Three requirements follow directly from the argument this paper has made. Independence: scholarly oversight of Islamic AI must be structurally embedded, not decorative — positioned upstream of outputs, not downstream of them. Transparency: source chains must be visible and auditable through a digital isnād, not concealed behind the fluency of the interface. Accountability: outputs must carry consequences — reviewable by qualified authority, correctable in practice, and subject to standards that apply to all platforms equally.
These are not aspirational principles. They are the operating requirements of any system that claims to serve the tradition of Islamic knowledge.
The first paper in this series documented what ungoverned systems produce in Islamic finance: spread-widening, capital flight, and reputational damage that does not respond to financial remedies. The governing mechanism is the same for Islamic AI. An institution whose Sharī‘ah compliance determinations, guidance outputs, or governance documentation is generated by a platform without independent scholarly oversight and a digital isnād has not outsourced its compliance function. It has unsecured it. The market will eventually price that exposure — as it has priced every equivalent governance gap this series has documented.
The question is not whether Islamic AI may become infrastructure for the Ummah. The question is whether it will become governed infrastructure — or whether the industry will wait, as it has before, for the failures to make governance necessary.
Authority in Islamic tradition is not conferred by scale. It is earned through chains of transmission, institutional integrity, and the long-run credibility that comes only from being answerable — to scholars, to institutions, and to the communities relying on the guidance being given.
References
• Siddiqui, R. & Hammad, A. Governance and the Baraka of Trust.
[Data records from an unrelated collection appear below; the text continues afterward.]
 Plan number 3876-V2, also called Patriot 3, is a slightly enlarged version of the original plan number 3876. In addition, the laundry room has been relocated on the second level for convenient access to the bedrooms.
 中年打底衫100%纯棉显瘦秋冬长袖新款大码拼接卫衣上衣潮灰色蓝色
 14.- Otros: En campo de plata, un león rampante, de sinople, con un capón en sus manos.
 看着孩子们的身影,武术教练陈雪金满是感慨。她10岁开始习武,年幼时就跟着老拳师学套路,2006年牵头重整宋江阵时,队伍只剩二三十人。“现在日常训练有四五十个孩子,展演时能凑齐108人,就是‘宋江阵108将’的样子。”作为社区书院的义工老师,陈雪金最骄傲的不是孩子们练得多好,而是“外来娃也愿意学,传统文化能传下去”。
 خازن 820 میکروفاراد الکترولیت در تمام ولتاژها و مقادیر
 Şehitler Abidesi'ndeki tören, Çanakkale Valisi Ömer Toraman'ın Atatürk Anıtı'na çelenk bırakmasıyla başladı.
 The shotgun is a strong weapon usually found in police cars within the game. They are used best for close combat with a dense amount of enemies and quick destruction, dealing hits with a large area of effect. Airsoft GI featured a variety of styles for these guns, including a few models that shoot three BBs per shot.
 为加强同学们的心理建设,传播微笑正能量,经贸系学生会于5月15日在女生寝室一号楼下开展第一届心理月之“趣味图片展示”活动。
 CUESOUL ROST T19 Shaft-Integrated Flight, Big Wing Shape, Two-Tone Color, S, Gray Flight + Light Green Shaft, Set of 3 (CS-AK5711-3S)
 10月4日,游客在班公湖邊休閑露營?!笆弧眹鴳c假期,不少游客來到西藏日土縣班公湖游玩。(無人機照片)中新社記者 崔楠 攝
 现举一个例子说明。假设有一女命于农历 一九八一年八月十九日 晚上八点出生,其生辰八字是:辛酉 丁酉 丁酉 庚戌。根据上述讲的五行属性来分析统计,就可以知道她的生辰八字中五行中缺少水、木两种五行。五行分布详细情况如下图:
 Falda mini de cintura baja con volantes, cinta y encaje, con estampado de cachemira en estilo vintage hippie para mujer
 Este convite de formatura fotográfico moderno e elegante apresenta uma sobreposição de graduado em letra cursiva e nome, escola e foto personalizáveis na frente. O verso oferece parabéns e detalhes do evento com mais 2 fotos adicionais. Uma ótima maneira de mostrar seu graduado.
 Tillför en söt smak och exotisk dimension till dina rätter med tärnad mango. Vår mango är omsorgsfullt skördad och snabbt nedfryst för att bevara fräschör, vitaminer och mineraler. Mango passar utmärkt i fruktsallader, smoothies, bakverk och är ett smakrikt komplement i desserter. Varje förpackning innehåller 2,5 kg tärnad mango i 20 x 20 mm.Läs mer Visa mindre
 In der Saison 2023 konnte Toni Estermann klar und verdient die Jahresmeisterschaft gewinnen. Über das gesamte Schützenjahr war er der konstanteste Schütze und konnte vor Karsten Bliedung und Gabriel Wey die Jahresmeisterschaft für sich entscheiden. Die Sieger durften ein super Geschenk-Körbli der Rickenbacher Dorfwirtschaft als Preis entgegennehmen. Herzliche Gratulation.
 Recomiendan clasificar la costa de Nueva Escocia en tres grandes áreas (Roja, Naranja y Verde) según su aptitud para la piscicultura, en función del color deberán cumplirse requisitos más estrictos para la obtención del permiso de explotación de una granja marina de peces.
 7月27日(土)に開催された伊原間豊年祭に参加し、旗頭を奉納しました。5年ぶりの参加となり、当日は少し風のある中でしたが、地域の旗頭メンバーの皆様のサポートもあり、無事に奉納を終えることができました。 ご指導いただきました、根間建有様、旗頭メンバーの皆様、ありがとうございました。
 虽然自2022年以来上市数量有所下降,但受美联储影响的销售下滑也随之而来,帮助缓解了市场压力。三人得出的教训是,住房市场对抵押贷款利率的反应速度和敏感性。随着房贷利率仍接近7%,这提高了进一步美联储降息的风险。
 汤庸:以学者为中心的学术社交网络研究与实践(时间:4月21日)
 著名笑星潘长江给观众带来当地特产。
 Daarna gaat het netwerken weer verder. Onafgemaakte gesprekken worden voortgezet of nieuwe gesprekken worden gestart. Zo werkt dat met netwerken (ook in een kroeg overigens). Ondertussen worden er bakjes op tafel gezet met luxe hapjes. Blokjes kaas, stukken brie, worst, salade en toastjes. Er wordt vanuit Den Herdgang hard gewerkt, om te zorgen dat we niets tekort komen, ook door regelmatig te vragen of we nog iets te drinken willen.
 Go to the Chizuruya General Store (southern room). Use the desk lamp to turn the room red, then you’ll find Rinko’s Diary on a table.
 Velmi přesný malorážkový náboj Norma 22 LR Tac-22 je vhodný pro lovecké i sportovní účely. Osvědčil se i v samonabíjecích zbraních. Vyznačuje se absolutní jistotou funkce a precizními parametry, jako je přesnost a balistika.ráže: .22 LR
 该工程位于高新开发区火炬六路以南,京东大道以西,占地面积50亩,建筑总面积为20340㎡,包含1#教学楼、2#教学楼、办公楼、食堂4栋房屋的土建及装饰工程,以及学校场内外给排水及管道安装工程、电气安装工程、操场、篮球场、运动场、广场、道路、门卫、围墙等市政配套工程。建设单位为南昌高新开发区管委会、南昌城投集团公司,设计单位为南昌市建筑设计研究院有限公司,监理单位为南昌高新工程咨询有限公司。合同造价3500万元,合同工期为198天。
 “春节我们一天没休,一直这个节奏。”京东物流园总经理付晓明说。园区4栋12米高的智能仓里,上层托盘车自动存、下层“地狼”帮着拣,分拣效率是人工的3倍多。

Baraka Strategic Advisory Council, 2025. [Article 1 in this series]
• Siddiqui, R. & Hammad, A. Governance and the Baraka of Education. Baraka Strategic Advisory Council, 2025. [Article 2 in this series]
• Accounting and Auditing Organization for Islamic Financial Institutions. Governance Standards, including GS 1 and GS 19–22 on Sharī‘ah Governance. Issued/revised 2024.
• Islamic Financial Services Board. IFSB-10: Sharī‘ah Governance Systems for Institutions Offering Islamic Financial Services. Kuala Lumpur: IFSB, 2009.
• Islamic Financial Services Board. IFSB-31: Guiding Principles for Effective Supervision of Sharī‘ah Governance. Adopted July 2025.
• Islamic Financial Services Board. Fintech and Islamic Finance: Current Landscape and Future Outlook. Kuala Lumpur: IFSB, 2020.
• Islamic Financial Services Board. Regulatory Practices in Digital Islamic Banking. Working Paper WP-27. Kuala Lumpur: IFSB, December 2023.
• Brown, T. et al. Language Models are Few-Shot Learners. Advances in Neural Information Processing Systems (NeurIPS), 2020.
• Ji, Z. et al. Survey of Hallucination in Natural Language Generation. ACM Computing Surveys, 55(12), 2023.
• Kamali, M. H. Principles of Islamic Jurisprudence. Islamic Texts Society, 3rd ed., 2003.
• Hallaq, W. B. An Introduction to Islamic Law. Cambridge University Press, 2009.
• Grassa, R. Corporate Governance and Credit Rating in Islamic Banks: Does Shariah Governance Matters? Journal of Management & Governance, 20(4), 2016.
• Accounting and Auditing Organization for Islamic Financial Institutions. Governance and Ethics Board. Exposure Draft: Governance Standard on Islamic Crowdfunding. Manama: AAOIFI, 2021. [AAOIFI’s fintech governance work is ongoing; no standalone AI governance standard has been issued as of 2025 — which is the institutional gap this paper identifies.]